Pedro Stetsiuk

Personal information
- Nationality: Argentine
- Born: 17 November 1980 (age 45) Lviv, Ukrainian SSR, Soviet Union
- Weight: 104 kg (229 lb)

Sport
- Sport: Weightlifting
- Event: 105 kg

Medal record
Men's weightlifting
Representing Argentina
Pan American Games
| Silver medal – second place | 2007 Rio de Janeiro | 105 kg |

= Pedro Stetsiuk =

Ukrainian-born Argentine weightlifter

Pedro Stetsiuk (born 17 November 1980) is a Ukrainian born Argentine weightlifter.
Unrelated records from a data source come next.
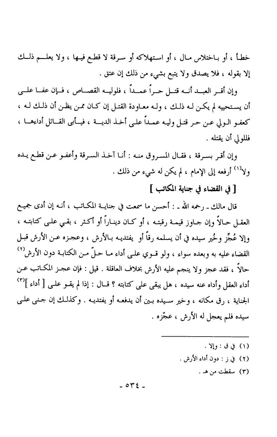 4156 - قال مالك - رحمه الله -: أحسن ما سمعت في جناية المكاتب، أنه إن أدى جميع العقل حالاً وإن جاوز قيمة رقبته، أو كان ديناراً أو أكثر، بقي على كتابته، وإلا عُجِّز وخُير سيده في أن يسلمه رقاً أو يفتديه بالأرش، وعجزه عن الأرش قبل القضاء عليه به وبعده سواء، ولو قوي على أداء ما حلّ من الكتابة دون الأرش حالاً، فقد عجز ولا ينجم عليه الأرش بخلاف العاقلة. قيل: فإن عجز المكاتب عن أداء العقل وأداه عنه سيده، هل يبقى علة كتابته؟ قال: إذا لم يقو على [أداء] الجناية، رق مكانه، وخير سيده بين أن يدفعه أو يفتديه. وكذلك إن جنى على سيده فلم يعجل له الأرش، عجّزه.
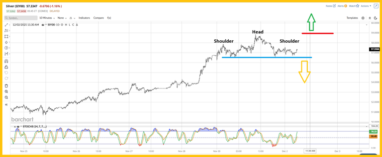 16. Click to enlarge this short-term silver chart. A move above $59 that is accompanied with gold moving above $4265 would be another green shoot. That would destroy the nasty H&S top for silver that has come into play.
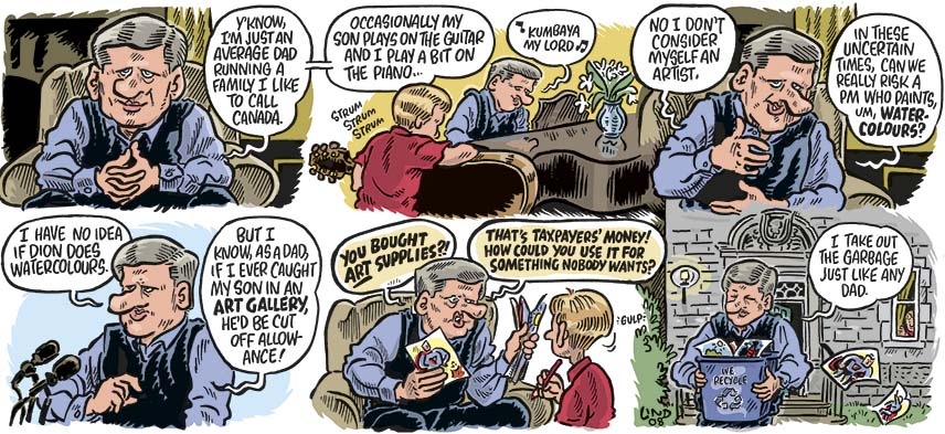 I wrote this cartoon three weeks ago, when my frustration built to a point where I felt I had no choice. But it took three weeks to get it done - and example of what happens when there's no publication deadline breathing down my neck. Then, today, Stephen Harper announced a $500 tax credit for kids' art eduction. To show he really does care about the arts. It's not much money -- the most you'll actually see back is $75. But it looks good, just like the daycare cheques. Harper seems to love to run a rebate, not a government.
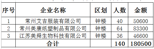 常州市第二批认定企业经自主申报,由区就业管理部门初审,市就业管理中心复审,拟同意核拨一次性吸纳就业补贴并进行公示。公示期2020年6月15日-6月19日。如有异议,请于公示期内以电话或书面形式向市就管中心反映。联系方式:常州市劳动就业管理中心,联系电话:0519-85588919。
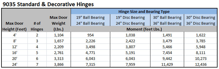 (Width of Door in feet) X (Weight of Door in pounds) = Calculated "moment" value.
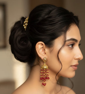 Styling: These are the perfect accessories to accentuate the elegance of your traditional outfit, furthermore, adding a perfect pop of color and edginess. The beautiful elements of the earrings go well with the saree or any Western dress. A statement earring is enough to make the entire outfit look amazing. It looks better with a solid color outfit or pastel outfit.

His best result was the silver medal at the 2007 Pan American Games at the men's 105 kg event.

==Major results==

| Year | Venue | Weight | Snatch (kg) |  |  |  | Clean & Jerk (kg) |  |  |  | Total | Rank |
| 1 | 2 | 3 | Rank | 1 | 2 | 3 | Rank |
Representing Argentina
Pan American Games
| 2011 | MEX Guadalajara, Mexico | 105 kg | 150 | 158 | 166 | 6 | 180 | 180 | 187 | 7 | 338 | 7 |
| 2007 | BRA Rio de Janeiro, Brazil | 105 kg | 160 | 160 | 165 | 2 | 180 | 180 | 184 | 5 | 340 | 2nd place, silver medalist(s) |
Pan American Championships
| 2009 | USA Chicago, United States | 105 kg | 160 | 160 | 160 | — | 181 | 192 | 192 | 6 | — | — |
| 2008 | PER Callao, Peru | 105 kg | 150 | 150 | 155 | 3rd place, bronze medalist(s) | 171 | 182 | 191 | 3rd place, bronze medalist(s) | 337 | 4 |

==Personal life==
Stetsiuk was born in Lviv at the Soviet Union, from Ukrainian father and Argentine mother. In 1993 the family moved to Argentina. From 2001 Stetsiuk lived in the United States until beginning of 2007, when he back to Argentina.